Перед царем возник Менна, конюх Рамзеса.
— Ваша колесница, Ваше Величество.
Фараон долго гладил своих лошадей, носивших клички «Победа при Фивах» и «Богиня Мут довольна»; вместе со львом они были единственными, кто не предал его при Кадеше, когда битва казалась проигранной.
Под недоверчивыми взглядами полководцев и воинов Рамзес взялся за вожжи.
— Ваше Величество, — обеспокоился Менна, — вы не отправитесь...
— Проедем вдоль крепости, — приказал царь, — и углубимся прямо в дубовый лес.
— Ваше Величество... Вы забыли ваши латы! Ваше Величество!
Держа в руках металлический панцирь, конюх напрасно бежал за колесницей Рамзеса, который один направился навстречу врагу.
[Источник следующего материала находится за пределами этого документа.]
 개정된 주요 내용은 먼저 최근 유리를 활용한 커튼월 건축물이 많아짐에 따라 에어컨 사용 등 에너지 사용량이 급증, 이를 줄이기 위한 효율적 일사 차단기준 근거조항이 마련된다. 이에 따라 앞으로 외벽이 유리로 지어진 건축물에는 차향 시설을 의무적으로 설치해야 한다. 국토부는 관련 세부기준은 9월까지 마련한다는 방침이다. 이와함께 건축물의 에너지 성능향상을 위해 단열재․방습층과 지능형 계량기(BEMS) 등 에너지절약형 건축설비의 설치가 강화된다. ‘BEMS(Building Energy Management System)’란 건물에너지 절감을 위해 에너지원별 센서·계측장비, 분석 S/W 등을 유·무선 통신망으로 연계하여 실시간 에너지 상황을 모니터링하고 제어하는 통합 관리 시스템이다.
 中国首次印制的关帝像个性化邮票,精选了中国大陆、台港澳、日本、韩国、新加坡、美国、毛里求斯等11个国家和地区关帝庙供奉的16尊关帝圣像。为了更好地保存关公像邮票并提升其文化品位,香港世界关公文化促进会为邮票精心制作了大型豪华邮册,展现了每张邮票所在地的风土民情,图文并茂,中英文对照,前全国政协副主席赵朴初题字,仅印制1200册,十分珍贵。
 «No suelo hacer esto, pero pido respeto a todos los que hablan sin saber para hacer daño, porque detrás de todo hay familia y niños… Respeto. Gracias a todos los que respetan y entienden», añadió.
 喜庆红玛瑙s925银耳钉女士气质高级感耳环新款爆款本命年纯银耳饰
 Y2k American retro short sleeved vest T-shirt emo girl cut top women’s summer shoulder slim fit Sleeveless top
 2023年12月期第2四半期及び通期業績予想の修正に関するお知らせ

На несущейся на огромной скорости колеснице, стоя в полный рост, Рамзес Великий больше походил на бога, нежели на человека. Высокий, с широким и открытым лбом, обрамленным голубой короной, повторяющей форму головы, с выпуклыми надбровными дугами, густыми ресницами, пронзительным, как у сокола, взглядом, длинным и тонким носом с горбинкой, круглыми и тонко очерченными ушами, волевым подбородком и мясистыми губами, он был воплощением силы.
При его приближении спрятавшиеся в дубовом лесу бедуины выскочили из своего укрытия. Одни натянули луки, другие воинственно потрясали копьями.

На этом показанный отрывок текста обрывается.